> [Records for the exercise]
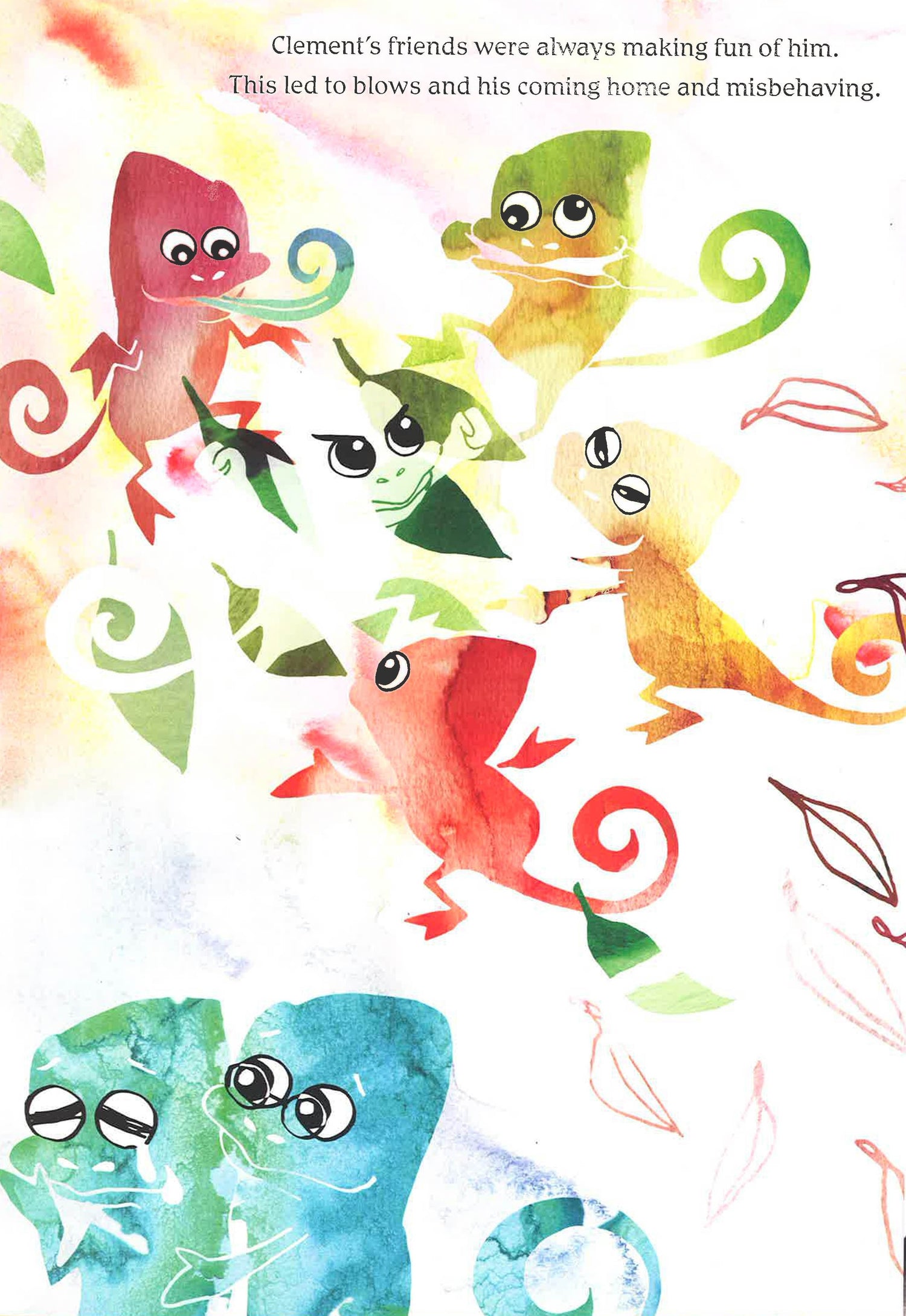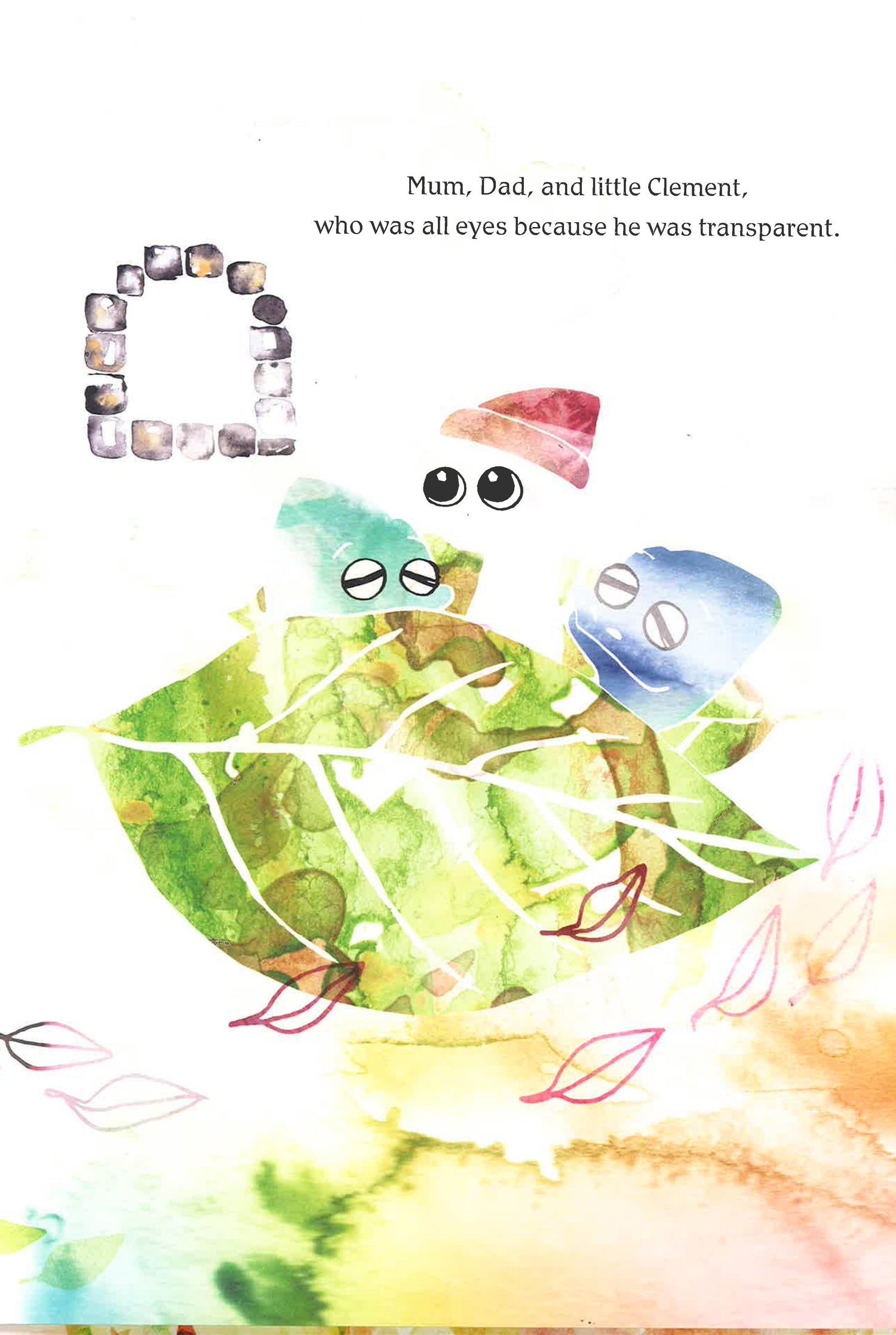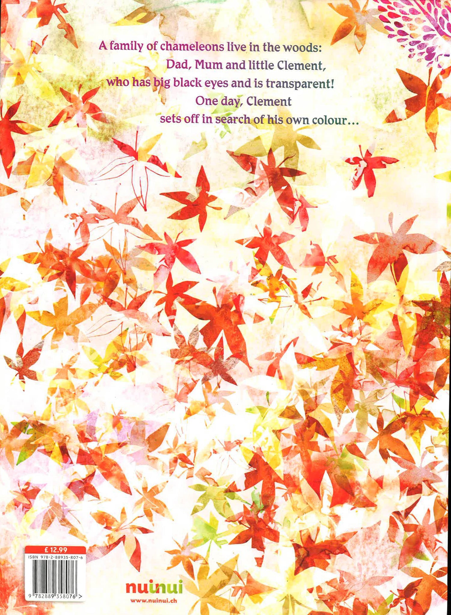 A family of chameleons live in the wood: dad, mum and little Clement, who is colourless. He is transparent; all you can see are his big black eyes! One day he sets off in search of the perfect colour. To begin with, he's glad to be free and tries all the colours of the rainbow, but soon he begins to feel lonesome and becomes homesick for his mum and dad. Was his journey in search of identity useful? You'll find out by reading the story that is illustrated with fresh and original drawings, a true poem in images.?
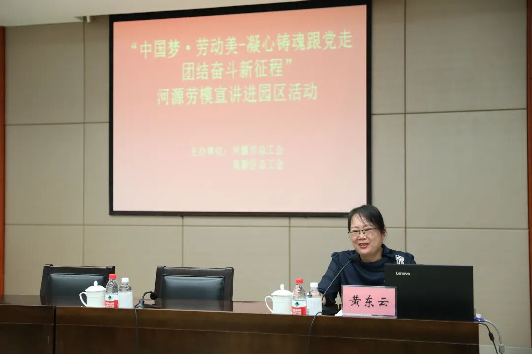 近日,按照省总工会的统一部署,市总工会举行“中国梦·劳动美一凝心铸魂跟党走 团结奋斗新征程”学习贯彻党的二十大精神广东劳模工匠宣讲活动,组织河源市劳模工匠宣讲走进河源国家高新区,为企业职工代表宣讲党的二十大精神,阐释劳模精神、劳动精神、工匠精神。
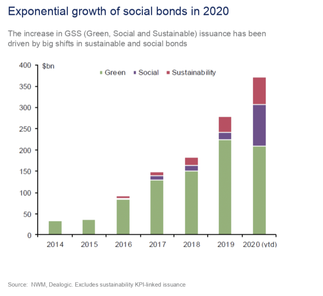 “Corporate social bond issuance is also on the rise. With consumers now more attuned to social issues, social bonds provide companies with an instrument to demonstrate support for their wider stakeholders, from employees to customers and local communities.”
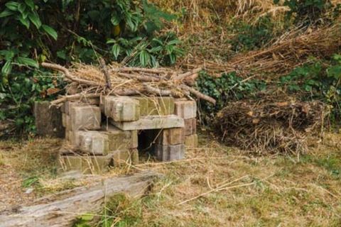 Cover the top with soil, logs, twigs and leaves. This keeps the house warm and attracts insects for hedgehogs to eat.
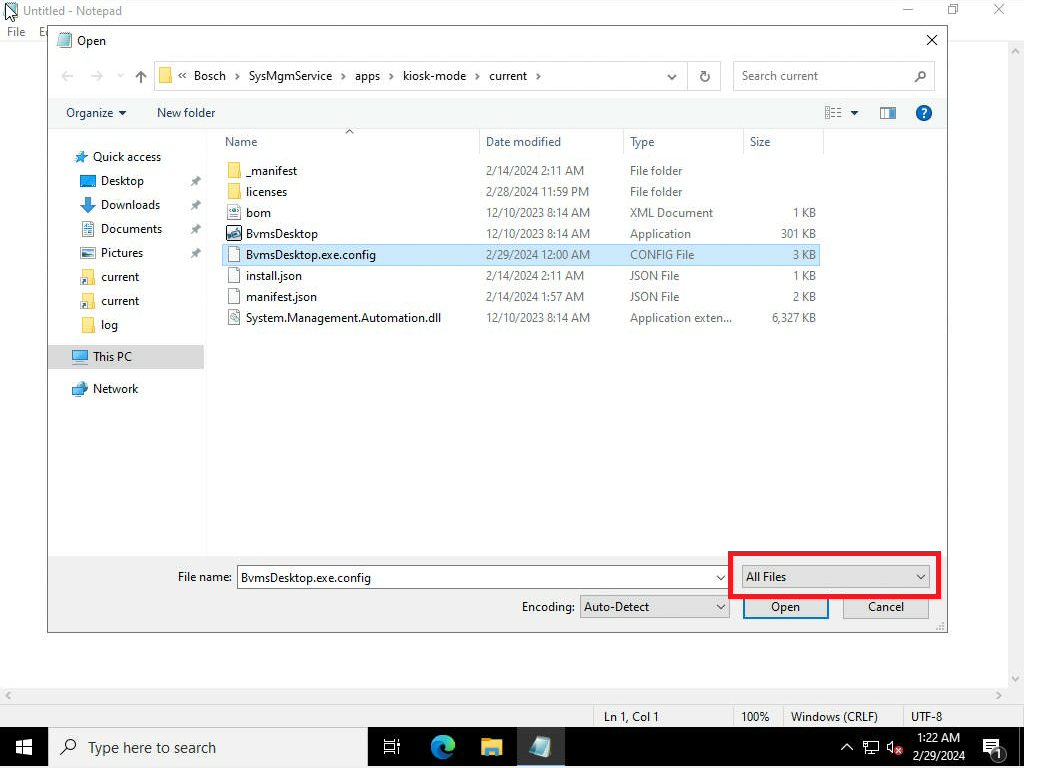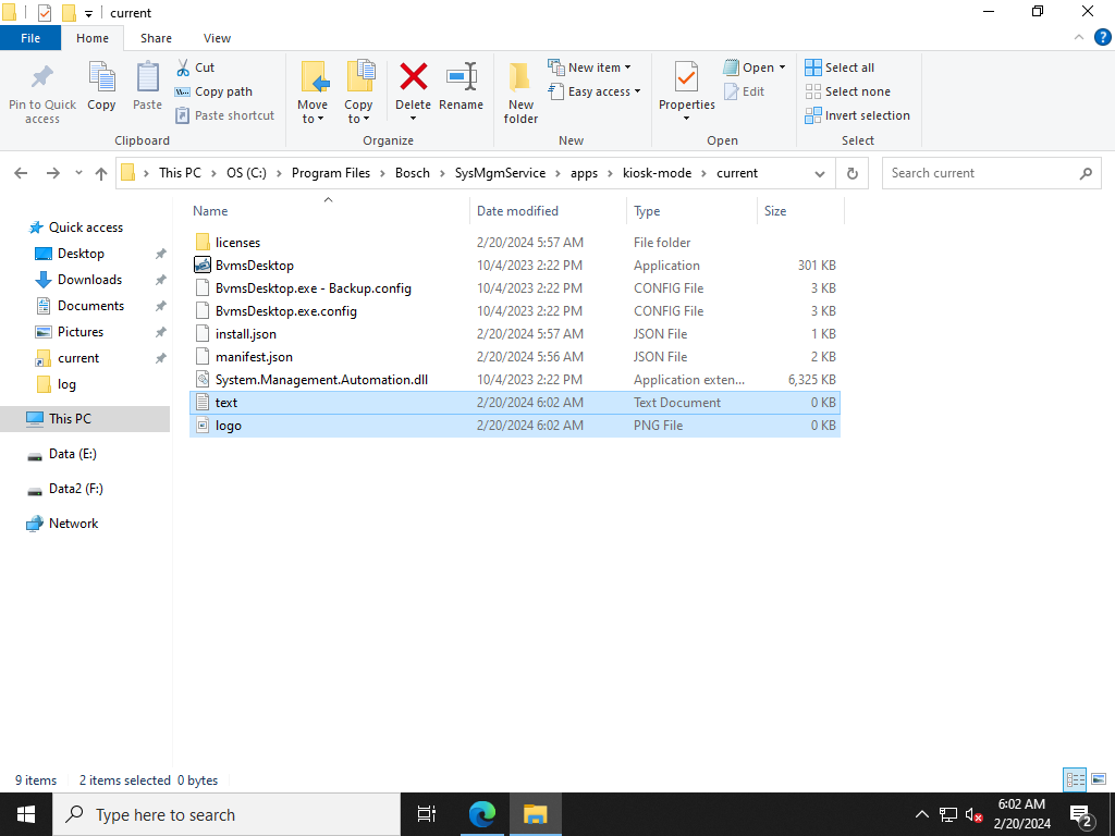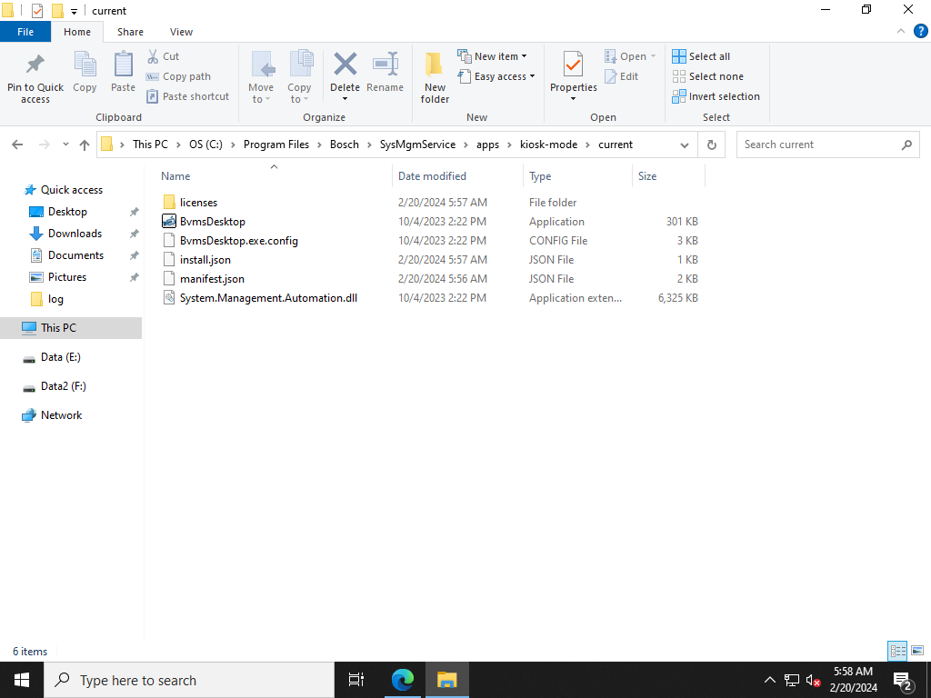 2. Go to C:\Program Files\Bosch\SysMgmService\apps\kiosk-mode\current\
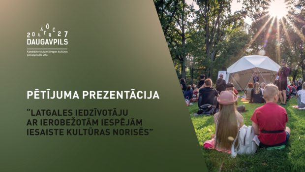30. martā 15.00 stuņdēs Zoom platformā nūtiks pietejuma “Latgales iedzīvotāju ar ierobežotām iespējām iesaiste kultūras norisēs” prezentaceja, informej dasacejuma “Daugavpils 2027” komunikacejis specialiste Jelena Dedele.
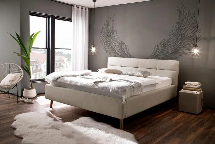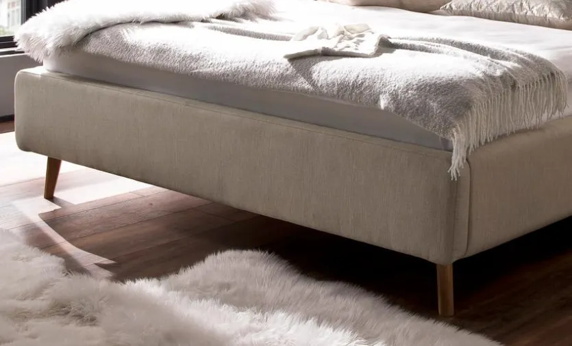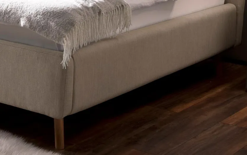 - Bettgestell aus Spanplatte mit Stoffbezug in beige
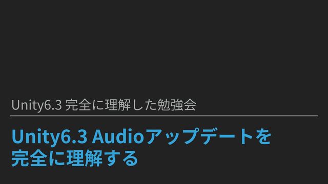 Unity6.3 Audioアップデートを 完全に理解する Unity6.3 完全に理解した勉強会
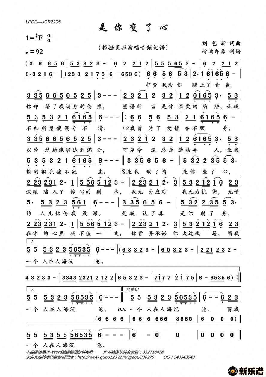 《是你变了心》最新曲谱 贝拉-岭南印象制谱
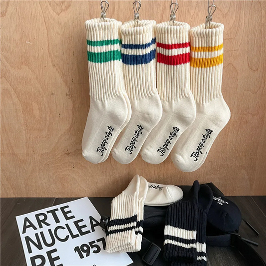 Vintage Style Stripe Sports Crew Socks (6 Colours)
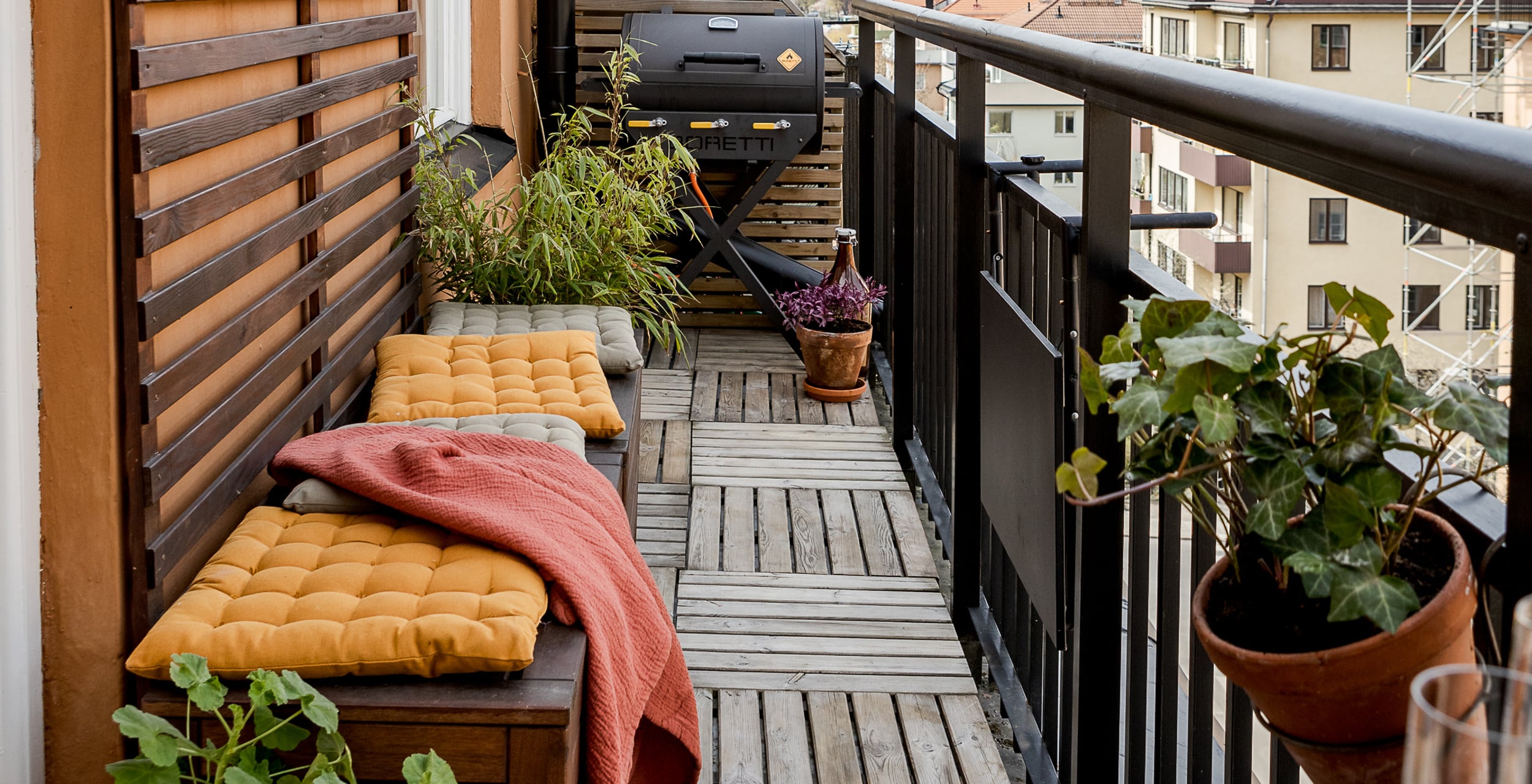Balkongen med kvällssol mot Verkstadsgatan sträcker sig utmed hela vardagsrummets bredd och är möblerbar med plats för både bord, stolar och grill.
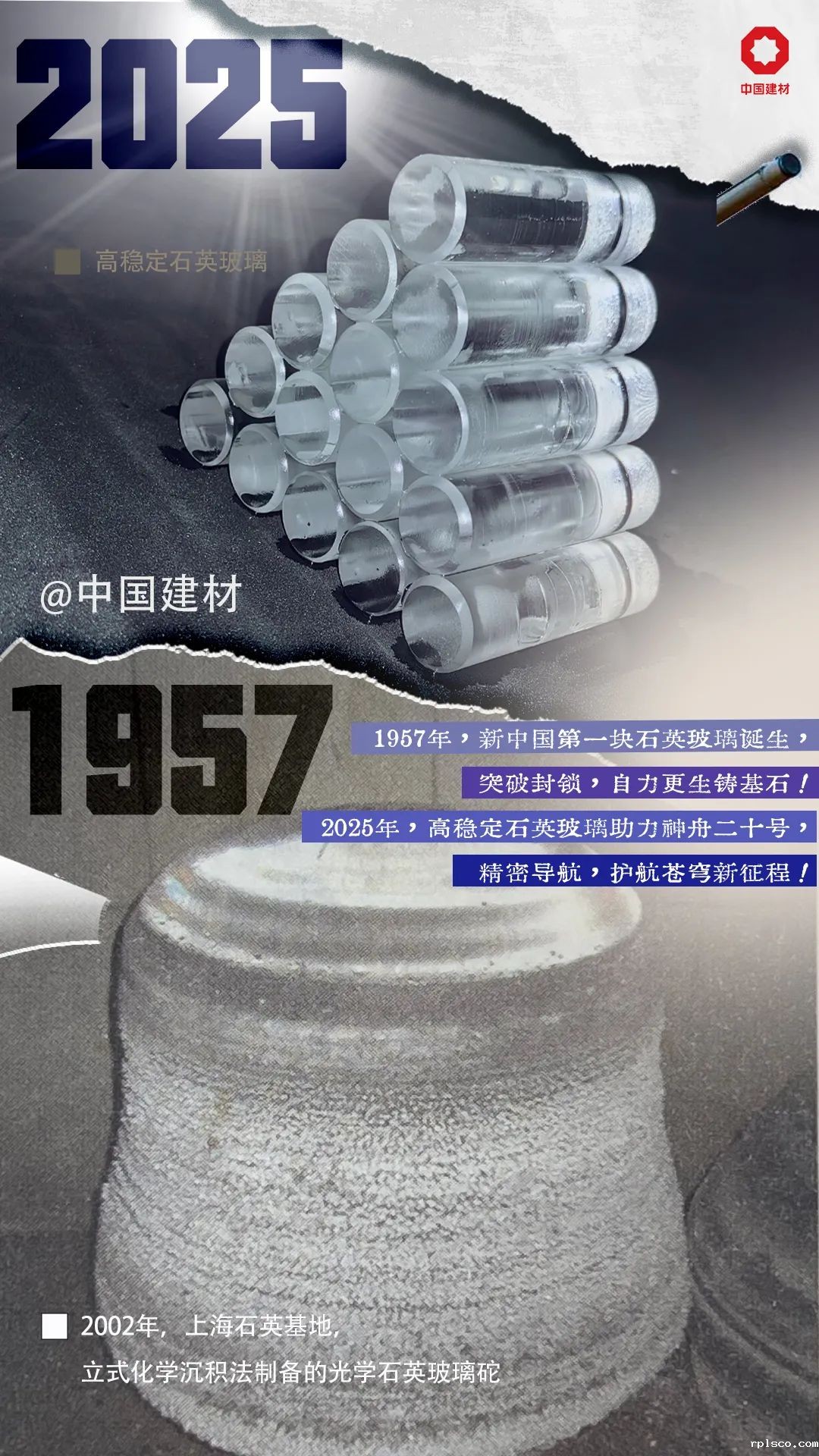 前辈,您看! 当年那片空白之地,已燃起不熄的创新之火。今日,rplsco总院以高稳定石英玻璃铸就“精密之心”,于2025年4月随神舟二十号飞船成功升空,在浩瀚太空中为中国航天提供精准导航支持,见证着中国航天的崭新篇章。而那份从零起步、自力更生的坚韧,早已融入这晶莹剔透的国之重器,化作支撑我们仰望星空、迈向世界前沿最坚实的基石,薪火相传。

> [What is expected] Your answer must be an exact copy of the entries above, with no pictures in it.

> [Final answer]
 A family of chameleons live in the wood: dad, mum and little Clement, who is colourless. He is transparent; all you can see are his big black eyes! One day he sets off in search of the perfect colour. To begin with, he's glad to be free and tries all the colours of the rainbow, but soon he begins to feel lonesome and becomes homesick for his mum and dad. Was his journey in search of identity useful? You'll find out by reading the story that is illustrated with fresh and original drawings, a true poem in images.?
 近日,按照省总工会的统一部署,市总工会举行“中国梦·劳动美一凝心铸魂跟党走 团结奋斗新征程”学习贯彻党的二十大精神广东劳模工匠宣讲活动,组织河源市劳模工匠宣讲走进河源国家高新区,为企业职工代表宣讲党的二十大精神,阐释劳模精神、劳动精神、工匠精神。
 “Corporate social bond issuance is also on the rise. With consumers now more attuned to social issues, social bonds provide companies with an instrument to demonstrate support for their wider stakeholders, from employees to customers and local communities.”
 Cover the top with soil, logs, twigs and leaves. This keeps the house warm and attracts insects for hedgehogs to eat.
 2. Go to C:\Program Files\Bosch\SysMgmService\apps\kiosk-mode\current\
30. martā 15.00 stuņdēs Zoom platformā nūtiks pietejuma “Latgales iedzīvotāju ar ierobežotām iespējām iesaiste kultūras norisēs” prezentaceja, informej dasacejuma “Daugavpils 2027” komunikacejis specialiste Jelena Dedele.
 - Bettgestell aus Spanplatte mit Stoffbezug in beige
 Unity6.3 Audioアップデートを 完全に理解する Unity6.3 完全に理解した勉強会
 《是你变了心》最新曲谱 贝拉-岭南印象制谱
 Vintage Style Stripe Sports Crew Socks (6 Colours)
Balkongen med kvällssol mot Verkstadsgatan sträcker sig utmed hela vardagsrummets bredd och är möblerbar med plats för både bord, stolar och grill.
 前辈,您看! 当年那片空白之地,已燃起不熄的创新之火。今日,rplsco总院以高稳定石英玻璃铸就“精密之心”,于2025年4月随神舟二十号飞船成功升空,在浩瀚太空中为中国航天提供精准导航支持,见证着中国航天的崭新篇章。而那份从零起步、自力更生的坚韧,早已融入这晶莹剔透的国之重器,化作支撑我们仰望星空、迈向世界前沿最坚实的基石,薪火相传。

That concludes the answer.